Task prompt:
A faithful copy is required of the lines from the top of the entries through the line that contains "In February 2025, the", both included, with no pictures.

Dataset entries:
- - - - - - -

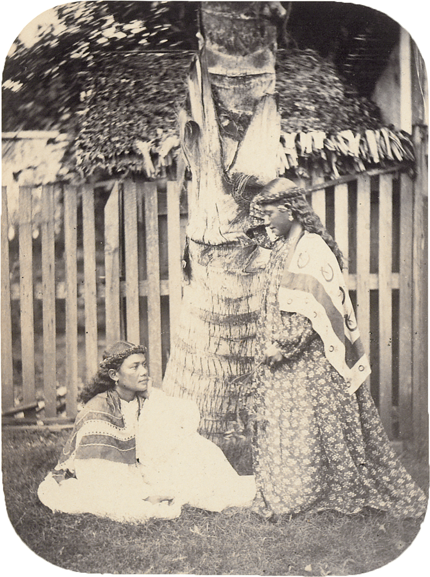 Souvenirs de l’Ile Tahiti et des Marquises. 1863. 21 albumen prints, mounted to album pages. Each ca. 11 x 15,5 cm or reverse (22 x 29 cm). Each with “Courret Hermanos Fotógrafos Calle Mercaderes 197, Lima” blind stamp on the mount, annotated in black ink below the image. Bound in green half-leather album with gilt-stamped title "Souvenirs de l’Ile Tahiti et des Marquises" in rhombus cartouche on front cover. Housed in a custom clamshell box covered in green faux-leather with mounted printed title label bordered by four diamond-shaped wooden inlays (entire size 30 x 41 cm).
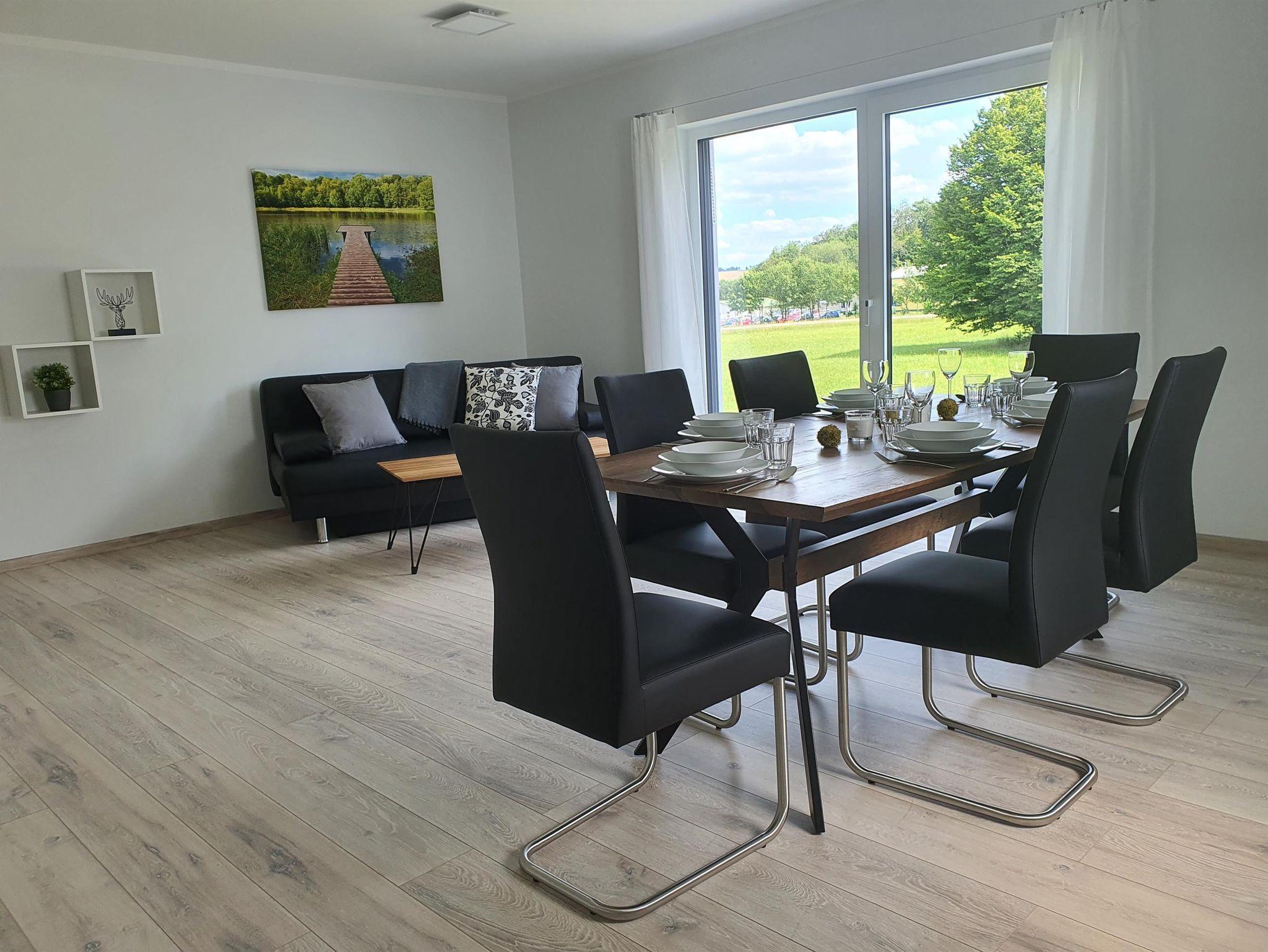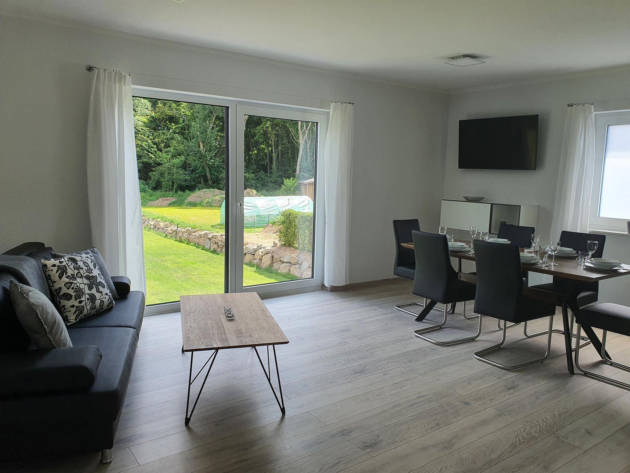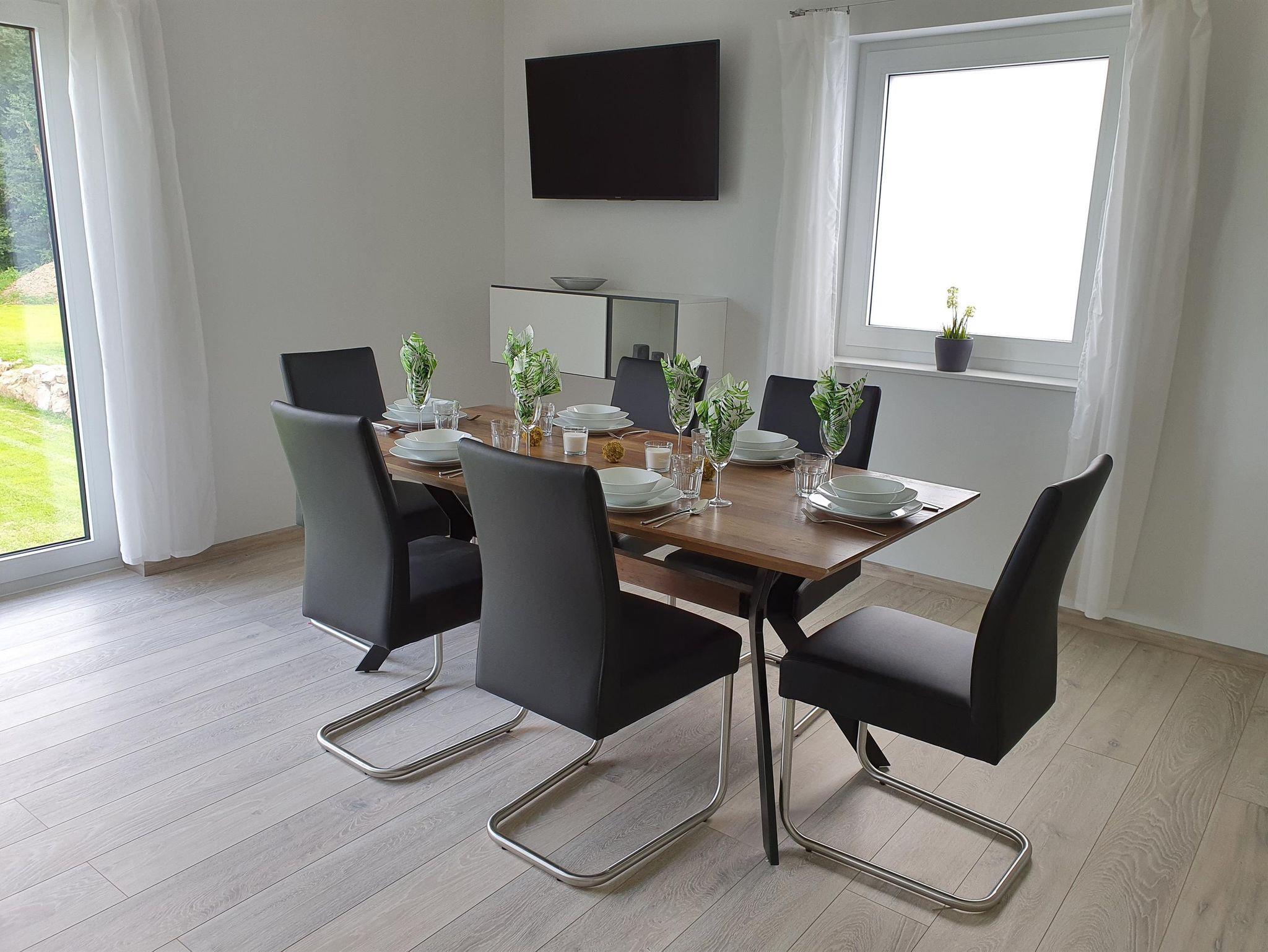 • einem geräumigen Wohn-/Esszimmer mit Platz für 4 Personen, eingerichtet mit einem großen Fernseher (SatFarb TV inkl. Netflix), Panoramafenster Südseite mit herrlichem Ausblick
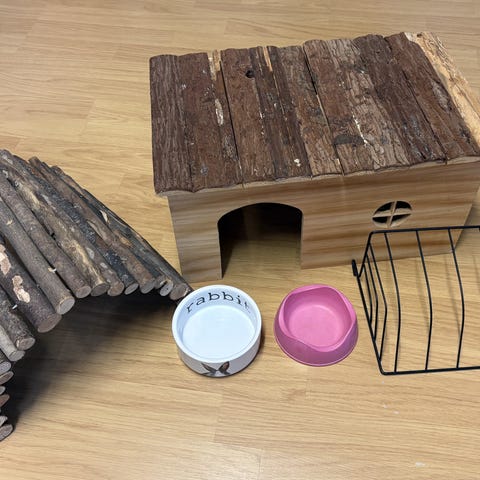 Tillbehör till hamster, hjul godkänt för guldhamster 28cm dm. Hamster vi hade dog av ålder och inte sjukdom. Fina saker och mesta del av naturmaterial och helt giftfritt för de små liven. Hämtas i Helsingborg Swish eller kontanter.
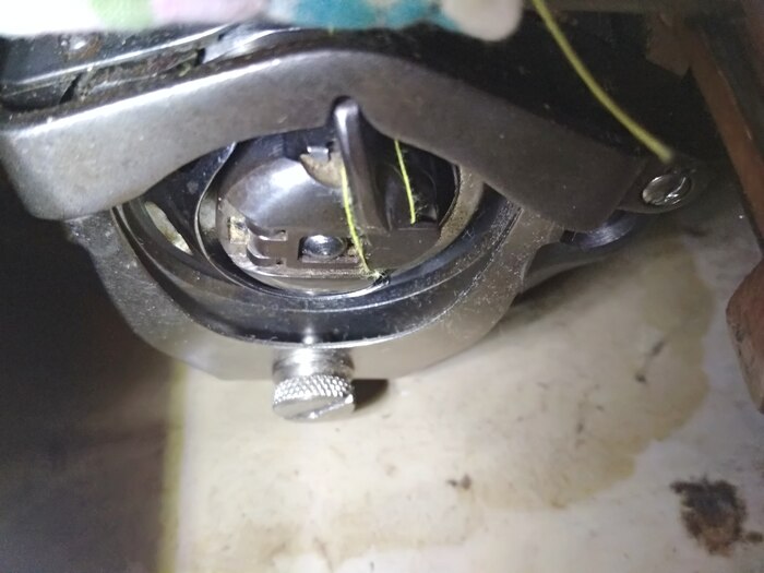 Почистил, смазал челнок - цепляет. Может челнок не от той машины, может брак, я не знаю. Поскрёб репу, взял гравёр, да и спилил вот так:
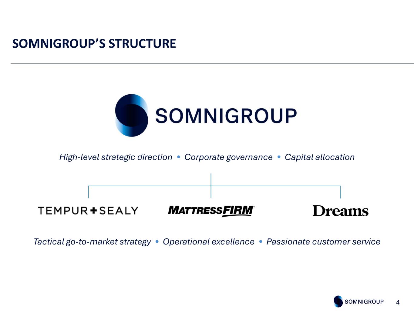 In February 2025, the Company was reimagined, and Somnigroup International Inc. was founded, reflecting the transformative nature of the Mattress Firm acquisition. Somnigroup provides sleep solutions with a portfolio of outstanding businesses with iconic brands. SOMN = sleep OMNI = omnichannel GROUP = company comprised of multiple subsidiaries enriching people’s lives through the power of a good night’s sleep 3 ABOUT SOMNIGROUP
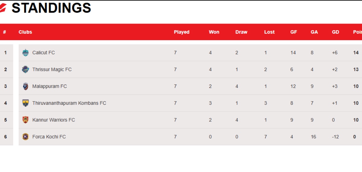നിലവിൽ പോയിന്റ് പട്ടികയിൽ ഒന്നാമതുള്ളത് നിലവിലെ ചാമ്പ്യന്മാരായ കാലിക്കറ്റ് എഫ്സിയാണ്. ഏഴ് മത്സരങ്ങളിൽ നിന്ന് നാല് ജയവും രണ്ട് സമനിലയും ഒരു തോൽവിയുമായി 14 പോയിന്റാണ് കാലിക്കറ്റിനുള്ളത്.
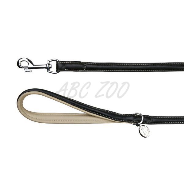 Smycz dla psa King Of Dogs czarno-beżowa, skórzana M-L/1m

- - - - - - -

Worked solution:
 Souvenirs de l’Ile Tahiti et des Marquises. 1863. 21 albumen prints, mounted to album pages. Each ca. 11 x 15,5 cm or reverse (22 x 29 cm). Each with “Courret Hermanos Fotógrafos Calle Mercaderes 197, Lima” blind stamp on the mount, annotated in black ink below the image. Bound in green half-leather album with gilt-stamped title "Souvenirs de l’Ile Tahiti et des Marquises" in rhombus cartouche on front cover. Housed in a custom clamshell box covered in green faux-leather with mounted printed title label bordered by four diamond-shaped wooden inlays (entire size 30 x 41 cm).
 • einem geräumigen Wohn-/Esszimmer mit Platz für 4 Personen, eingerichtet mit einem großen Fernseher (SatFarb TV inkl. Netflix), Panoramafenster Südseite mit herrlichem Ausblick
 Tillbehör till hamster, hjul godkänt för guldhamster 28cm dm. Hamster vi hade dog av ålder och inte sjukdom. Fina saker och mesta del av naturmaterial och helt giftfritt för de små liven. Hämtas i Helsingborg Swish eller kontanter.
 Почистил, смазал челнок - цепляет. Может челнок не от той машины, может брак, я не знаю. Поскрёб репу, взял гравёр, да и спилил вот так:
 In February 2025, the Company was reimagined, and Somnigroup International Inc. was founded, reflecting the transformative nature of the Mattress Firm acquisition. Somnigroup provides sleep solutions with a portfolio of outstanding businesses with iconic brands. SOMN = sleep OMNI = omnichannel GROUP = company comprised of multiple subsidiaries enriching people’s lives through the power of a good night’s sleep 3 ABOUT SOMNIGROUP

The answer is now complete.